New Story
- Founded: 2014
- Founders: Brett Hagler, Alexandria Lafci, Matthew Marshall, Mike Arrieta
- Founded at: San Francisco, California, U.S.
- Type: Non-governmental organization
- Region served: 4 countries in Latin America and the Caribbean
- Employees: 15
- Website: newstoryhomes.org

= New Story (charity) =

Market-based housing nonprofit

New Story is a non-profit organization that provides homes to people living with inadequate shelter. The organization was founded in 2014 and has provided homes for more than 15,200 people in Haiti, Bolivia, Mexico, and El Salvador. New Story and ICON, an Austin-based construction technologies company, built the world’s first community of 3D printed homes in Nacajuca, Mexico.

== History ==

In 2013, New Story co-founder and CEO, Brett Hagler was on a trip to Haiti where he met families living in unstable tent communities due to the 2010 earthquake that destroyed thousands of homes. Many non-profits provided immediate disaster relief, but three years after the earthquake, these families were still living in tents, unable to recover and rebuild safe homes. Hagler saw the need for long-term living solutions, and was driven to find a way to build even one new home for one family.

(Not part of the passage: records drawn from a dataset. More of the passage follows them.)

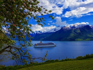 sun, boats, River, west, Spain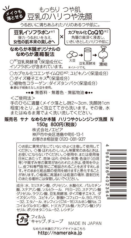 SANA 莎娜 豆乳美肌 Q10光泽弹性洁面乳 150ml/瓶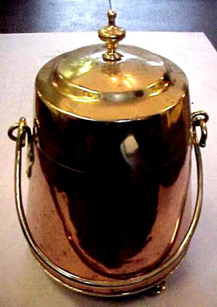 buikkruik van geelkoper, rechthoekig, plat model en ...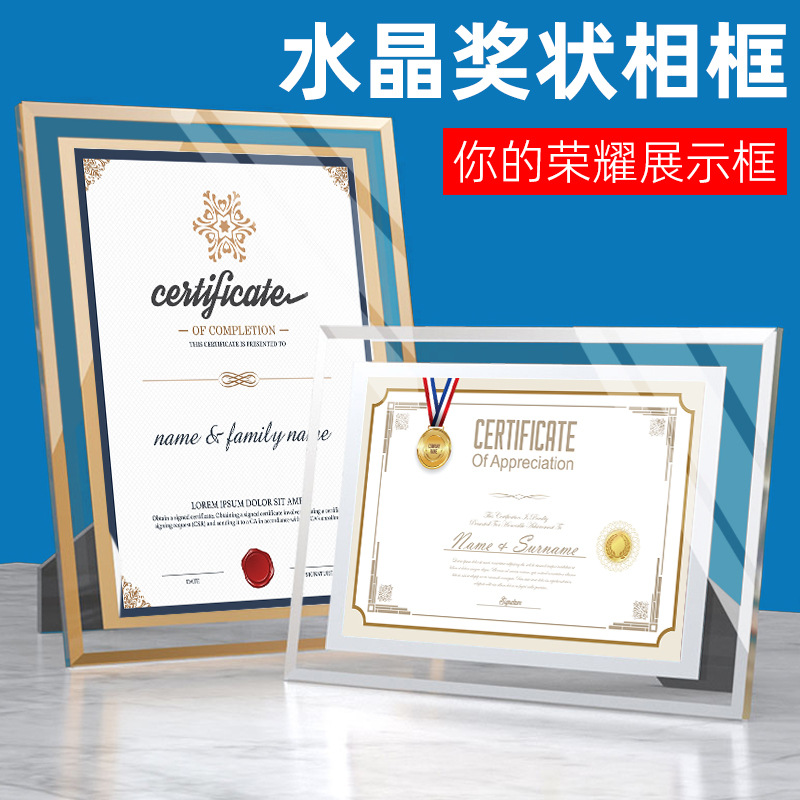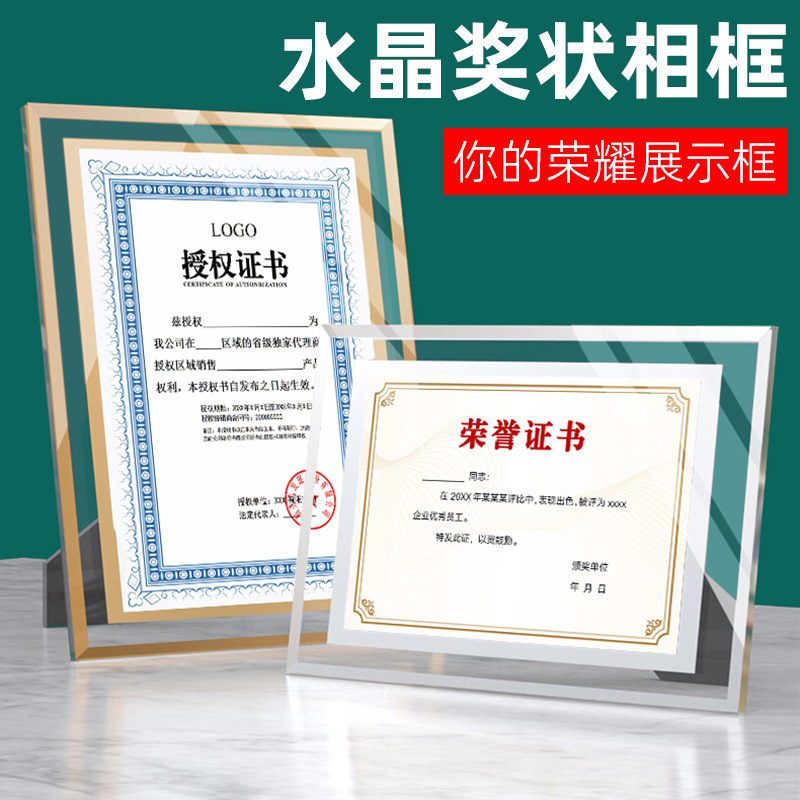 クリスタルフォトフレーム a4 名誉証明書フレーム ガラステーブル認定書証明書フレーム 壁掛け額縁 テーブルフォトフレーム

To do that, he looked for nonprofits that were innovative in their thinking and approach to the global housing crisis, were transparent and accountable in their solution, and were not afraid of taking risks to achieve results. When he couldn't find an organization that combined technology and transparency to fight global homelessness, he created New Story in 2014 with the help of like-minded social entrepreneurs Alexandria Lafci, Matthew Marshall, and Mike Arrietta.

In the first six months, the organization funded 16 homes with the help of donations. After applying and being one of the first charities accepted into Y Combinator, the world's top startup accelerator, New Story was challenged to build 100 homes in 100 days. The small team and donor base accomplished the goal, plus 13 more.

In the next four years, New Story expanded from Haiti to include communities in El Salvador, Bolivia, and Mexico, amounting to a total of 37 communities worldwide as of early 2022.

== Operations ==

New Story has offices in Atlanta, Georgia, and Mexico City, Mexico. They state that they operate on a transparency-first model, which allows for 100% of donor giving to be allocated directly to those in need, while their operating costs are funded by a private group of donors called the Builders.

New Story has also built partnerships with leading organizations around the world including Architectural Digest, Goldman SachseXp Realty, Glassdoor, Sotheby's International Realty, Data Blue, Redin, TikTok and G2 Crowd.

== 3D Printing ==

Each 3D-printed home is a single-story 650-square-foot structure built using a concrete-extruding printing apparatus called the Vulcan II, developed in partnership with ICON. The homes each take 24 hours to build, and cost $4,000, a fraction of traditional construction costs. Printing homes also provides "design freedom" in that printing with liquid concrete allows for all manner of shapes, and it simplifies the construction process, eliminating the need for drywall, insulation and wood framing.

The first home printed in Austin, Texas by the Vulcan I took approximately 48 hours to complete and cost $10,000.

== Reception ==

In 2016, New Story’s three founders, Brett Hagler, Matthew Marshall, and Alexandria Lafci, were named Forbes 30 Under 30. The 3D community in Nacajuca, Mexico, received more than 1 billion media impressions — gaining coverage from The New York Times, USA Today, and CNN. Apple TV+ produced a documentary showcasing the project. As of 2022, Fast Company has named New Story one of the World’s Most Innovative nonprofits four times.

Non-profit evaluator Guidestar published a review of the organization in 2018. Their overall conclusion was that New Story stands out from other organizations when it comes to giving transparency, and was awarded the 2018 silver seal of transparency.

An article published on November 18, 2015 by MGM Resorts International, Atif Rafiq stated, “There is also an added touch of human connection that makes New Story such a standout charity in my eyes. Donors have access to exclusive video footage of the families they have impacted — watching the lives of previously hopeless individuals, change — tremendously. Donors get to see these individuals smile, lighting up at the new window of hope and opportunity that will drastically redirect their paths in life.”